The authors declare that the research was conducted in the absence of any commercial or financial relationships that could be construed as a potential conflict of interest.

Figures

Figure 1
Figure 1
Mechanisms of adverse reactions associated with CAR-T cell therapy. This figure vividly illustrates the primary adverse reaction mechanisms triggered by CAR-T cell therapy, described sequentially from left to right. Initially, it details reactions induced by high levels of pro-inflammatory cytokines, including Cytokine Release Syndrome (CRS), Immune Effector Cell-Associated Neurotoxicity Syndrome (ICANS), Secondary Hemophagocytic Lymphohistiocytosis (sHLH), mild systemic reactions, and CRS-related organ toxicity. Following this, the diagram shows off-target effects caused by shared antigens between tumor and healthy cells, leading to significant organ toxicity. Lastly, long-term adverse effects arise from a complex interplay of mechanisms, encompassing cell-associated hematotoxicity (CAHT), B/T cell aplasia, and secondary malignancies. The comprehensive depiction of these mechanisms not only reveals the potential risks associated with CAR-T therapy but also emphasizes the importance of meticulous monitoring and management of patients undergoing this treatment.
Figure 2
Figure 2
Systemic toxicity and off-target effects caused by CAR-T cell therapy.

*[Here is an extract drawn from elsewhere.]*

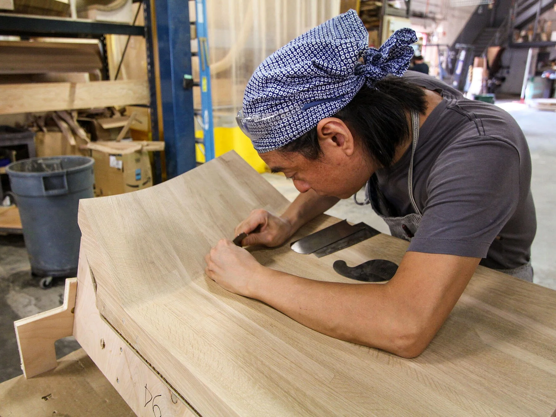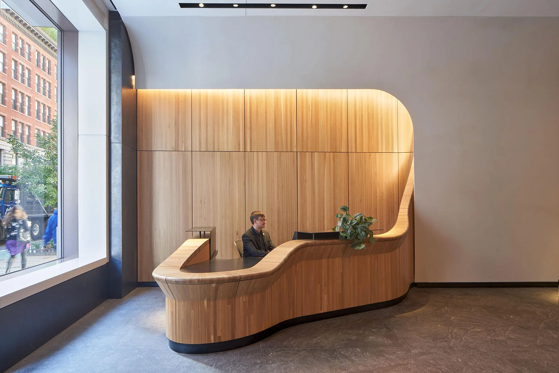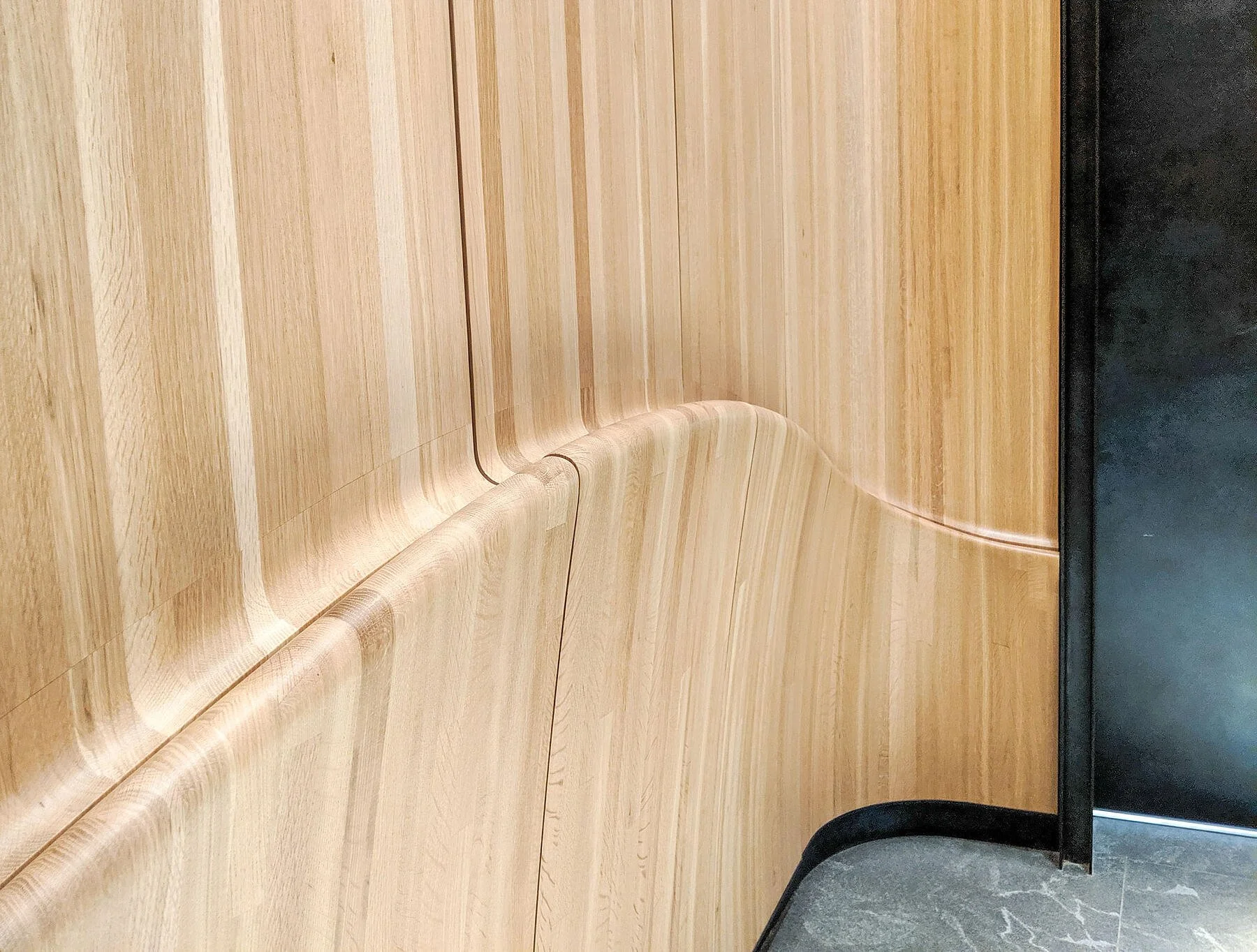 The architects envisioned a curvilinear reception wall with double curvature. Initially, they considered veneer, but the geometry wasn’t feasible with that material. Together, we developed a solution using stacked laminated solid wood.

This figure delineates the systemic toxicities associated with off-target effects of CAR-T cell therapy, as visualized through a human body silhouette that maps the principal organs affected and their specific adverse reactions. Detailed are the pulmonary toxicities in the lungs, including cough, dyspnea, pulmonary edema, and ARDS; hepatotoxicity in the liver, evidenced by elevated liver enzymes; nephrotoxicity in the kidneys, marked by AKI; cardiotoxicity in the heart, manifesting as arrhythmias and heart failure; pancreatic toxicity in the pancreas, characterized by increased levels of lipase and amylase; gastrointestinal toxicity in the digestive tract, presenting as nausea, vomiting, abdominal pain, and bleeding; and dermatologic and mucosal toxicity, involving rashes, oral ulcers, and mucositis. Lines connecting these adverse reactions to CAR-T cells underscore the systemic nature of these off-target effects. The illustration emphasizes the critical need for rigorous monitoring and management of patients receiving CAR-T therapy to effectively mitigate the risks of multiorgan toxicity.